When a load uop is dispatched to one of the load AGU ports, the effective address, i.e., linear address, of the load is calculated using the specified segment base, base register operand, index register operand, scale, and displacement. At the same time, there can be stores in the store buffer. The linear address of the load is compared against the linear addresses of all earlier stores whose STA uops were executed (i.e., the linear address of the store is available). It might be necessary to compare also the physical addresses, but the physical address of the load is still not available at this point (this situation is referred to as an invalid physical address in the patent). To minimize the observable latency of the load, the MOB performs a quick comparison using only the least significant 12 bits of the linear addresses of the load and each earlier store. For more information on this comparison, refer to L1 memory bandwidth: 50% drop in efficiency using addresses which differ by 4096+64 bytes (but masked uops are not discussed there). This logic is called the loose net, and it constitutes the other part of the speculative memory disambiguation mechanism. The loose net is supported on all Intel microarchitectures since the Pentium Pro (including the in-order Bonnell), but the exact implementation has changed because the size of data a single load or store uop can operate on has increased and because of the introduction of masked memory uops starting with the Pentium II. In parallel to the loose net operation, the linear address of the load is sent to the TLB to obtain the corresponding physical address and perform the necessary page attribute checks and also the segment checks are performed.

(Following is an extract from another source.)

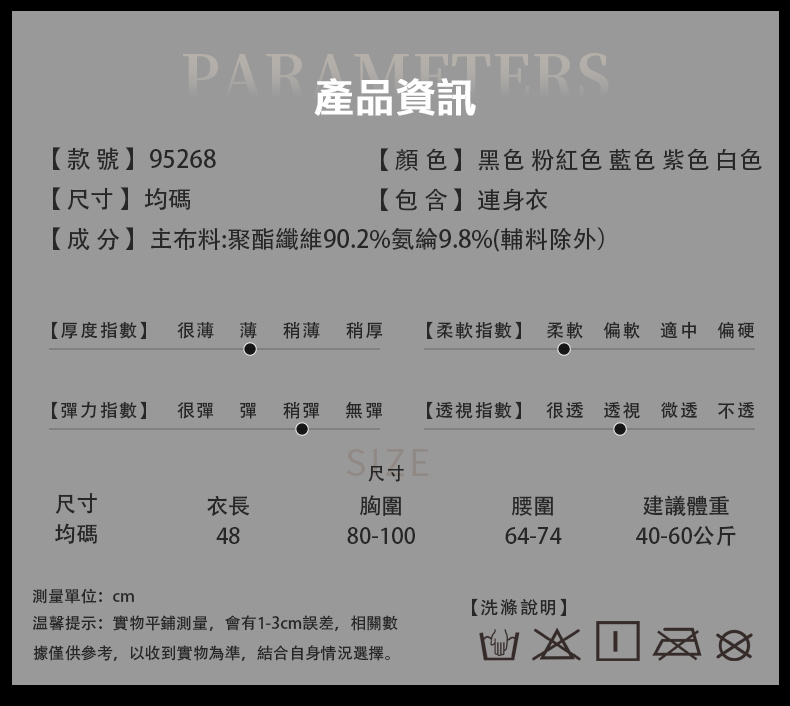 材質聚酯纖維、氨綸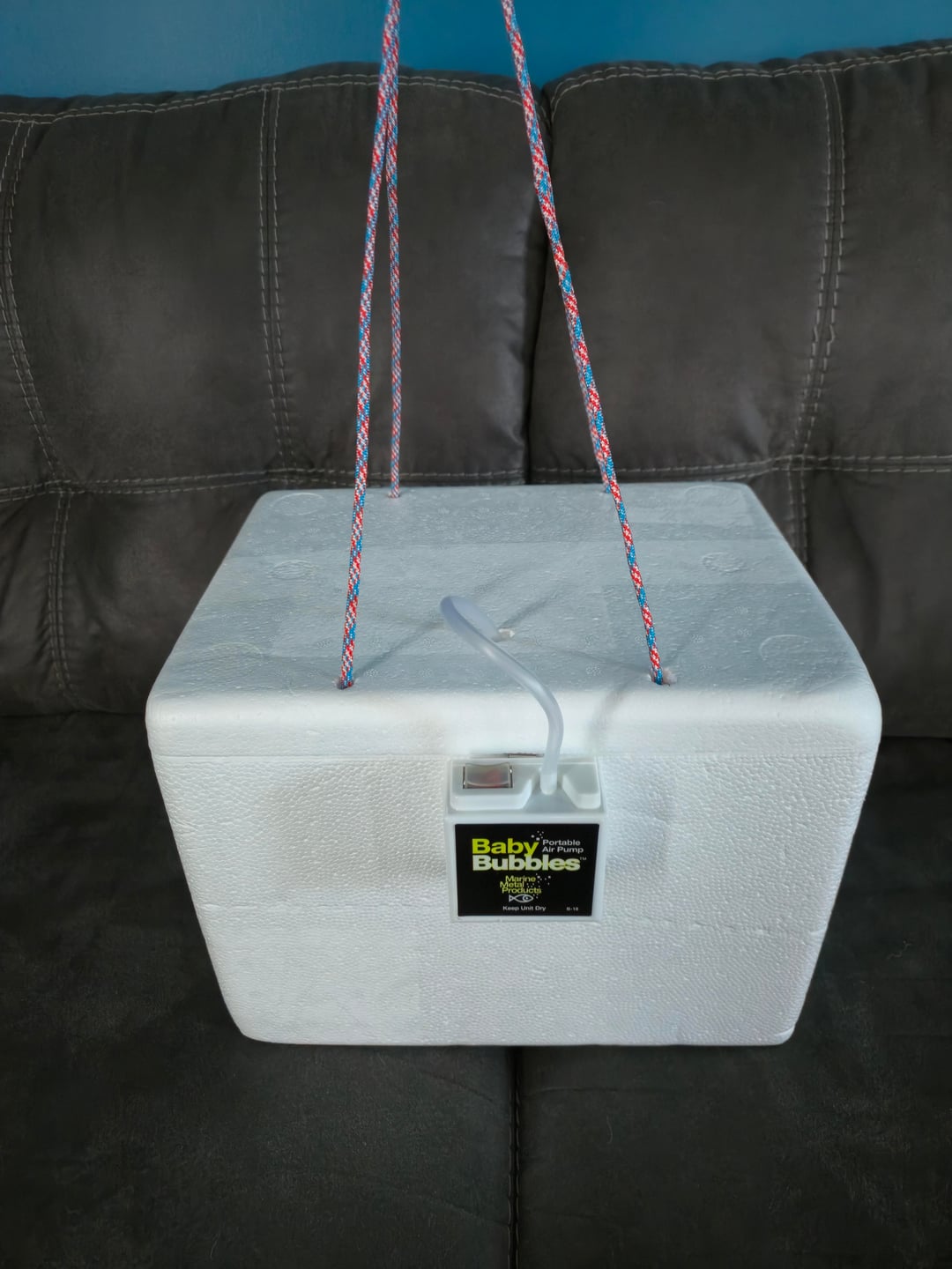 That is a very cool idea! I might have some suggestions to improve it. Wrap the whole thing in duct tape.. go slow, make it neat! but Styrofoam like that nick and breaks easy. Also along the same line, reinforce the spot where your bubbler attaches, or even move it to the top so it doesnt catch on things and tear off! or make a “tape pocket” while your wrapping it, for it to ride in

If the load does not overlap with any earlier store whose address was known at the time the load was dispatched according to the loose net result, a load request is sent to the L1D. We already know from the RIDL vulnerabilities that some data might be forwarded to the MOB even without having a valid physical address from the TLB, but only if the load causes a fault or assist. On a first-level TLB miss, the load is blocked in the load buffer so that it doesn't continue with its L1D access just yet. Later when the requested page entry reaches the first-level TLB, the MOB is informed about the address of that virtual page, which in turn checks all of the loads and stores that are blocked on that page and unblocks them by replaying the uops as per the availability of TLB ports.

I think the loose net takes only one cycle to compare the address of a given load with any number of stores in the store buffer and determine the youngest overlapping store that is older than the load, if any found. The process of looking up the first-level TLB and providing the physical address to the L1D on a hit should take only one cycle. This is how a best-case load-to-use latency of 4 cycles can be attained (which also requires (1) correct speculation of the physical page address, (2) the base+disp addressing mode without an index or with a zero index, and (3) a segment base address of zero, otherwise there is a penalty of at least one cycle). See the discussion in the comments for more on this.

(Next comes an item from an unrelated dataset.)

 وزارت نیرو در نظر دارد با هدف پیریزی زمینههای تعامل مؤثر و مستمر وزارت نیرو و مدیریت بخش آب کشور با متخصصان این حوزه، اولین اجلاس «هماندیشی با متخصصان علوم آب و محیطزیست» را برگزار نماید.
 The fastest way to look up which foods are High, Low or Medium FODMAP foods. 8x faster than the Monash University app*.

Note that if the load uop missed in the loose net, it can be concluded that the load does not overlap any previous store, but only if the STAs of all earlier uops were already executed at the time the load uop is dispatched. It's impossible for two linear addresses whose least significant 12 bits are different to overlap.

If the loose net result indicates that the load overlaps with an earlier store, the MOB does two things in parallel. One of them is that the memory disambiguation process continues using the fine net (i.e., full linear address comparison). If the load missed in the fine net, the physical addresses are compared when available. Otherwise, if the load hit in the fine net, the load and the store overlap. Note the x86 ISA requires using a fully serializing instruction after making changes to a paging structure. So there is no need to compare the physical addresses in the fine net hit case. In addition to all of that, whenever a new STA uop is dispatched, this whole process is repeated, but this time with all loads in the load buffer. The results of all of these comparisons are combined and when the load has been checked against all earlier stores, the end result determines how to correctly execute the load uop.

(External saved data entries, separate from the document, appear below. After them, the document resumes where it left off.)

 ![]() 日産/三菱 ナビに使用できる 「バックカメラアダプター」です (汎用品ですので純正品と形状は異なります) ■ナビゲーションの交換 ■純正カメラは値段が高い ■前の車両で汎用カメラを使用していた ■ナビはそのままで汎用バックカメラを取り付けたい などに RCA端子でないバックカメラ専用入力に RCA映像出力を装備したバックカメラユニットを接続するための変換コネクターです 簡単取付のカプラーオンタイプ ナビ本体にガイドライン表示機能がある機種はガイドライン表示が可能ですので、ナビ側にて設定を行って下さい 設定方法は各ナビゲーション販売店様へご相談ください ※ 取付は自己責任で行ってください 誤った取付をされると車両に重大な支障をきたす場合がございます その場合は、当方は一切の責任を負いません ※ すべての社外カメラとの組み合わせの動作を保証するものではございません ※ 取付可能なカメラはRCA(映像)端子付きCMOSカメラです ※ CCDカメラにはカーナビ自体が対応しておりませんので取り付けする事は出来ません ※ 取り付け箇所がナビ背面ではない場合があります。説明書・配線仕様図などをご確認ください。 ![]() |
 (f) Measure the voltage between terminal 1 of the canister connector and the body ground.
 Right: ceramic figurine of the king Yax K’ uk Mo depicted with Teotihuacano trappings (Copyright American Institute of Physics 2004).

In parallel, the MOB speculates that the store that hit in the loose net with the load has the value that should be forwarded to the load. If the load and store are to the same virtual page, then the speculation is correct. If the load and store are to different virtual pages but the virtual pages are mapped to the same physical page,the speculation is also correct. Otherwise, if the load and store are to different physical pages, the MOB has messed up, resulting in a situation called 4K aliasing. But wait, let's roll back a little.

It may not be possible to forward the store data to the load. For example, if the load is not fully contained in the store, then it has to wait until the store is committed and then the load is allowed to proceed and get the data from the cache. Also what if the STD uop of the store has not executed yet (e.g., it depends on a long latency uop)? Normally, the data is only forwarded from the store buffer when the requirements for store forwarding are met. However, the MSBDS vulnerability shows that this is not the case always. In particular, when the load causes a fault or assist, the store buffer may forward the data to the load without doing any of the store forwarding checks. From the Intel article on MDS:

It is possible that a store does not overwrite the entire data field within the store buffer due to either the store being a smaller size than the store buffer width, or not yet having executed the data portion of the store. These cases can lead to data being forwarded that contains data from older stores.

Clearly, the data may be forwarded even if the STD uop has not executed yet. But where will data come from then? Well, the data field of a store buffer entry is not cleared when deallocated. The size of the data field is equal to the width of a store uop, which can be determined by measuring the number of store uops it takes to execute the widest available store instruction (e.g., from a XMM, YMM, or ZMM register). This seems to be 32 bytes on Haswell and 64 bytes on Skyake-SP. Each data field of a store buffer entry is that big. Since it is never cleared, it may hold some random combination of data from stores that happened to be allocated in that store buffer entry. When the load hits in the loose net and will cause a fault/assist, the data of width specified by the load will be forwarded to the load from the store buffer without even checking for the execution of the STD or the width of the store. That's how the load can get data from one or more stores that may even have been committed a billion instructions ago. Similar to MLBDS, some parts of the data or the whole data that gets forwarded may be stale (i.e, doesn't belong to the store that occupies the entry).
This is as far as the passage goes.